By Anna Fitzpatrick, Contributing Reporter

SÃO PAULO, BRAZIL – The initial growth acceleration program, or PAC, planned for 2007 to 2010, earmarked investments of R$504 billion (US$306 billion) to be spent on infrastructure issues.  Of that, R$346.5 billion was earmarked for projects in São Paulo, the state responsible for 34 percent of the country’s GDP (Gross Domestic Product).

President Dilma Rousseff was nicknamed ' The mother of PAC'
President Rousseff nicknamed 'The mother of PAC' by Lula, photo by Wilson Dias/ABr.

Infrastructure projects have been the priority nationwide, and of the nearly 14,000 projects included in PAC and PAC2, approximately 1,200, or just 8 percent, were destined for São Paulo.

The investments sought to expand the existing logistical infrastructure, improve traffic in metropolitan areas and eliminate operational bottlenecks in the ports and railways.

Perhaps the most tangible PAC investments were defined to increase São Paulo’s 62.3 km of metro lines to be on par with other large cities, such as Mexico City (200 km of subway), Paris (213 km) and Madrid (283.8 km).

Investments of R$2.1 billion have been made to expand the Line 2 metro, also called the “Paulista Line” because it goes along much of the Avenida Paulista, connecting Vila Madalena and Vila Prudente stations.  Started in 2009, the line is still under construction.

The construction of Line 4 metro has also been part of PAC infrastructure plans.
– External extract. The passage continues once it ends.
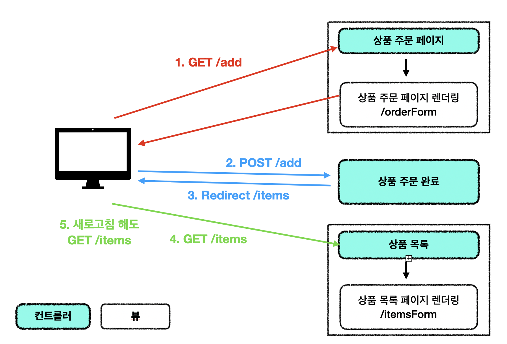 보통 HTTP 메서드 중 GET은 읽어오는(조회), POST는 저장하는(수정, 삭제 등등) 역할을 하지만, 이 예제에서는 GET은 조회, POST는 저장이라고 하면 새로고침할 때마다 계속 상품 주문(저장)을 하게 된다는 것입니다.

New stations on Avenida Faria Lima and Avenida Paulista were inaugurated in 2010 and will go some way towards easing stressed bus routes in some of the city’s most important and densely populated districts from the city center to the West Zone. However, work is behind schedule and stations along the line are still closed and not expected to open until next year.

Another massive project included in PAC was the proposal for the high speed rail link between Rio de Janeiro and São Paulo.  Plans for the R$33.1 billion railway project have been postponed a number of times and the project has yet to pass the tendering stage, which is now scheduled for the end of April.
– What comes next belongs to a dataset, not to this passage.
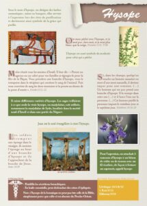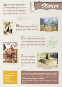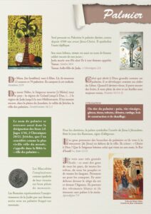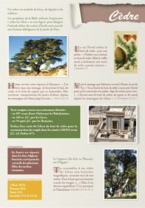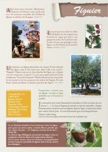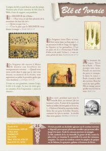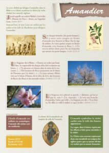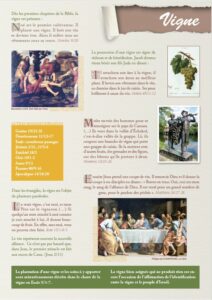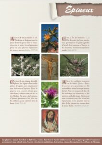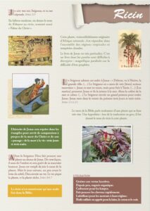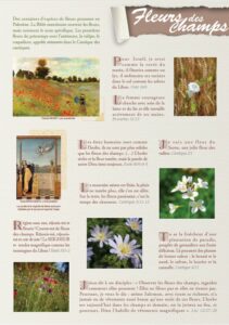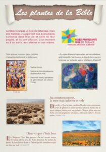 Cette exposition richement illustrée présente une vingtaine de plantes mentionnées dans la Bible, à travers des références multiples. Pour chaque plante est présentée une illustration botanique (planche et/ou photo), les principaux textes bibliques qui l’évoquent et l’utilisation qui en est faite aux temps bibliques. Ainsi, le visiteur s’enrichit à deux titres : en parcourant la Bible et en découvrant les bienfaits que l’on peut retirer de certaines plantes. Une très belle exposition pour s’émerveiller des richesses de la création.

São Paulo's new Faria Lima station on Line 4, photo by Milton Jung/Flickr Creative Commons License.

Fears that the train will not be in place before the 2014 World Cup were confirmed in December by Bernardo Figueiredo, the General Manager of the ANTT (Ministry of Transport), who stated he hoped it would be complete by the Olympics in 2016.

Instead of expanding, the PAC infrastructure program Porto Sem Papel (ports without paper), aimed to reduce paperwork for port operations, diminishing a vessel’s time stopped in port by 25 percent and halving the time it takes to export cargo.  Despite a pilot run last year at the Port of Santos, the program has yet to be put into full service.

Non-transport related projects included favela upgrading in Heliopolis, new homes in the area of Embu and investment in a new stadium for the 2014 World Cup. Deadlines have already been missed for the new stadium development, and the city has been warned it may lose the opportunity to host games.

Though only 12 percent of the projects (137 projects) had been completed by April 2010 according to a report by NGO Contas Aberta, São Paulo has not been the only place facing project delays. According to the report, progress nationwide has been slow due to excessive bureaucracy, environmental problems and stalling in the release of funds.

Critics aside, the second phase of the policy, PAC 2 has been launched, with the Lula administration pledging a further R$958.9 billion. Minister of Planning, Miriam Belchior announced that proposed projects of PAC2 would begin in March this year.